> Task to complete: The whole listing is to be restated word for word with no images.
%%
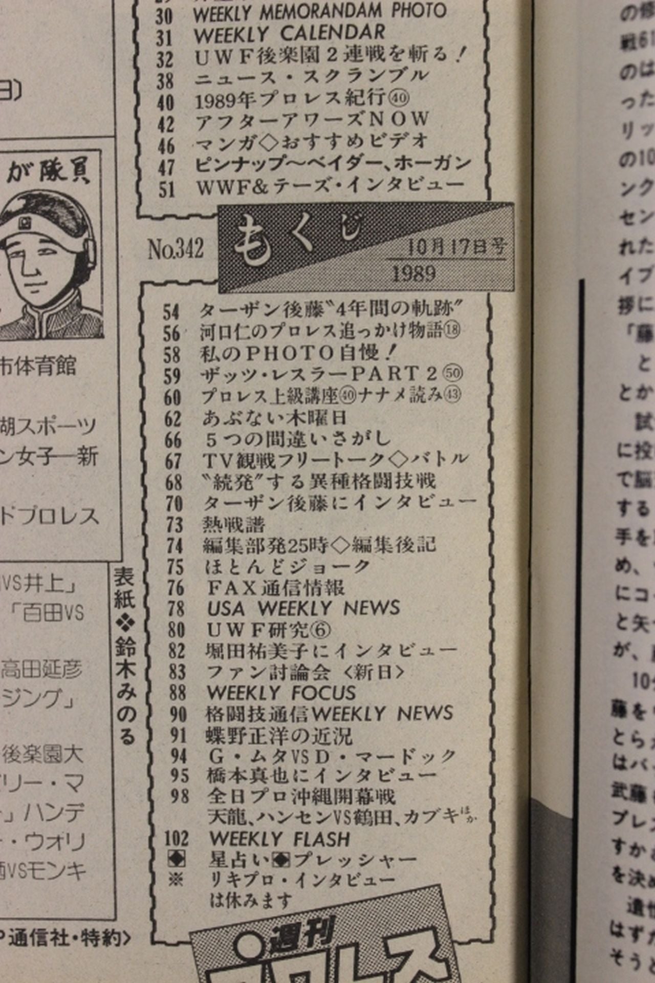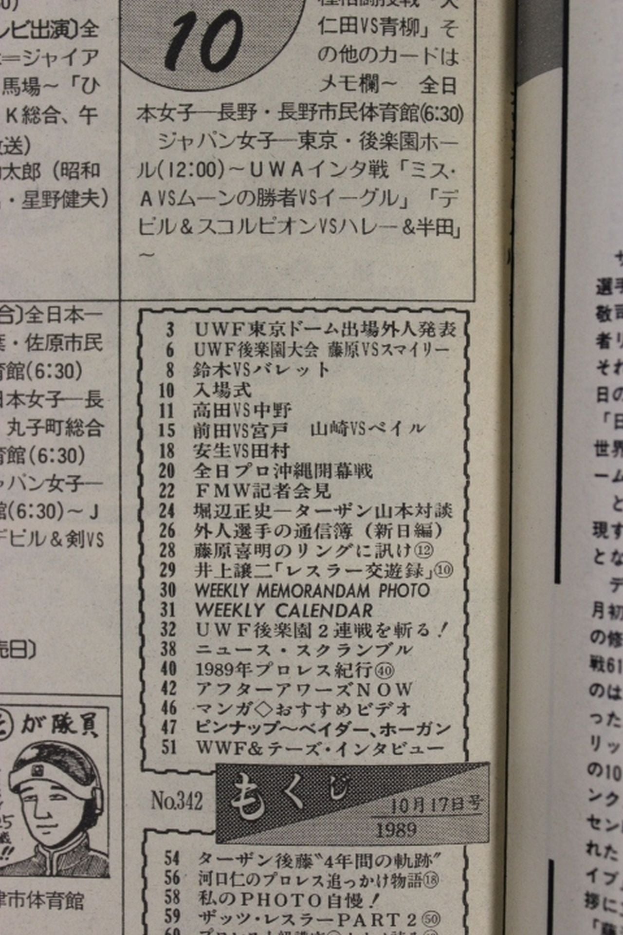 1989 Thorough tracking of the one-hour box office on 9.30 and 10.1 Korakuen 2 consecutive matches were a testing ground for U / Pin-up: Big Van Vader , Hulk Hogan Cover: Minoru Suzuki
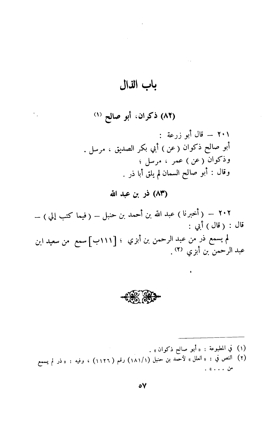 201 - قَالَ أَبُو زُرْعَةَ أَبُو صَالِحٍ ذَكْوَانُ عَنْ أَبِي بَكْرٍ الصِّدِّيقِ مُرْسِلٌ وَذَكْوَانُ عَنْ عُمَرَ مُرْسَلٌ وَقَالَ أَبُو صَالِحٍ السَّمَّانَ لَمْ يَلْقَ أَبَا ذَرٍّ
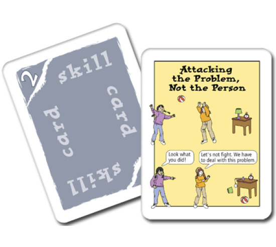 Using one side of the gameboard, which shows the exteriors of Peacetown, players learn basic conflict resolution skills: apologizing, compromising, taking turns, sharing, avoiding, ignoring, and getting help. Then, turning the board over, they move inside the buildings of Peacetown, where they learn deeper conflict resolutions skills: listening, respecting differences, communicating feelings, taking responsibility for actions, and attacking the problem rather than the person.
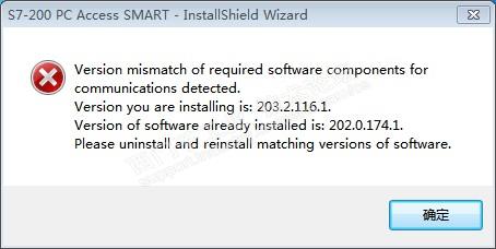 安装S7-200 PC Access SMART时报错,请教怎么解决
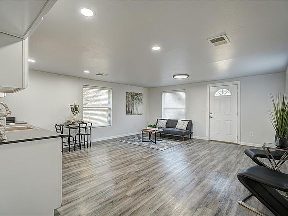 Super cute farm house feel home. If you are looking to be in the city with a country feel this is the one. Very large lot and patio area great for entertaining. Home has a very open floor plan with one area for living room, dining and kitchen. Primary bedroom has a private bath that has been updated. Two other large bedrooms with updated guest bath. Inside laundry area. Seller is a licensed realtor. Buyer to verify all info including schools. Street sign says JOB
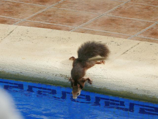 Mir gefällt die Katze, die sich versteckt, am besten. Und dass Eichhörnchen aus dem Pool trinken war mir auch neu.
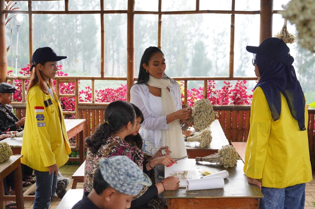 Aktris, Produser Sekaligus Pengusaha Happy Salma Ikut Hadiri Program Genera-Z Berbakti di Desa Wisata Edelweiss Wonokitri - Happy bersama Duta Bakti BCA Nicholas Saputra terlibat dalam pengambilan video yang merangkum pengabdian 4 tim mahasiswa pemenang program Genera-Z Berbakti di 4 desa wisata binaan Bakti BCA bertajuk Gen Z Bergerak: Bakti untuk Indonesia.
%%
> Result of the exercise:
 1989 Thorough tracking of the one-hour box office on 9.30 and 10.1 Korakuen 2 consecutive matches were a testing ground for U / Pin-up: Big Van Vader , Hulk Hogan Cover: Minoru Suzuki
 201 - قَالَ أَبُو زُرْعَةَ أَبُو صَالِحٍ ذَكْوَانُ عَنْ أَبِي بَكْرٍ الصِّدِّيقِ مُرْسِلٌ وَذَكْوَانُ عَنْ عُمَرَ مُرْسَلٌ وَقَالَ أَبُو صَالِحٍ السَّمَّانَ لَمْ يَلْقَ أَبَا ذَرٍّ
 Using one side of the gameboard, which shows the exteriors of Peacetown, players learn basic conflict resolution skills: apologizing, compromising, taking turns, sharing, avoiding, ignoring, and getting help. Then, turning the board over, they move inside the buildings of Peacetown, where they learn deeper conflict resolutions skills: listening, respecting differences, communicating feelings, taking responsibility for actions, and attacking the problem rather than the person.
 安装S7-200 PC Access SMART时报错,请教怎么解决
 Super cute farm house feel home. If you are looking to be in the city with a country feel this is the one. Very large lot and patio area great for entertaining. Home has a very open floor plan with one area for living room, dining and kitchen. Primary bedroom has a private bath that has been updated. Two other large bedrooms with updated guest bath. Inside laundry area. Seller is a licensed realtor. Buyer to verify all info including schools. Street sign says JOB
 Mir gefällt die Katze, die sich versteckt, am besten. Und dass Eichhörnchen aus dem Pool trinken war mir auch neu.
 Aktris, Produser Sekaligus Pengusaha Happy Salma Ikut Hadiri Program Genera-Z Berbakti di Desa Wisata Edelweiss Wonokitri - Happy bersama Duta Bakti BCA Nicholas Saputra terlibat dalam pengambilan video yang merangkum pengabdian 4 tim mahasiswa pemenang program Genera-Z Berbakti di 4 desa wisata binaan Bakti BCA bertajuk Gen Z Bergerak: Bakti untuk Indonesia.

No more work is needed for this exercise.